| HN Mirror

You're asking a good question -- but you know a lot more than what you write above.

The main thing is, you know that C, D, E, and F came from either A or B. The p-values above don't account for that; they just say what's the chance, due to random fluctuation, that a sample could have come from from the same source as A.

That's reflected in the fact that the pairs of p-values don't add to one! (Like (A,C) and (B,C) in the table above.)

You also implicitly know that at least one of {C,D,E,F} is A-like and one is B-like (otherwise there would not be a problem). So even if you know P(X and Y have same source) for all (X,Y), which you don't, you couldn't multiply them.

Finally, the p-value returned by the KS test will underestimate the true probability of discrepancy. This is because it's only looking at one thing, the max value of a CDF difference. The significant differences between the distributions may lie elsewhere, like in the tails, and the KS test is known to be relatively insensitive to tail behavior. (Although at n=40 you won't be able to see far into the tails.)

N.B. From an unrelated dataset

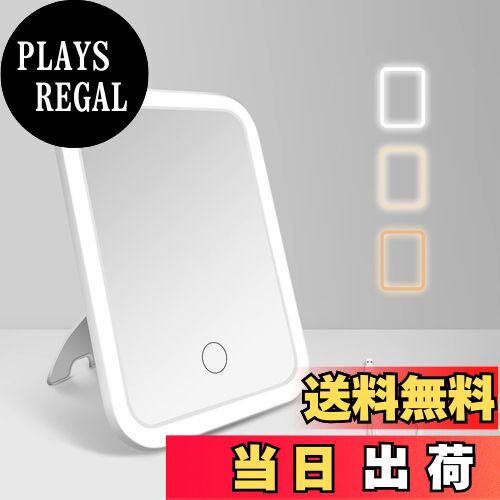 【送料無料】tekstap ライト付きミラー、3色モード 明るさ調節可能 鏡 ライト付き、持ち運びに便利 led ミラー 軽量、充電式 化粧 鏡 led、旅行/卓上/寝室に適したポータブル 女優 ミラー、女の子のプレゼント(四角)

There are a host of other tests that use the same idea (empirical CDF difference) but weight differently. Some can be more effective than the KS test if you're looking for certain types of difference. Here's an OK overview, albeit for the goal of assessing normality:

http://www.instatmy.org.my/downloads/e-jurnal%202/3.pdf

In a real problem, it's always a good idea to use more empirical-cdf tests than just the KS test, to compare variances and other moments as some people in the thread have done, and to make histogram or CDF plots -- especially if you're in just 1 dimension and the plots are easy to interpret.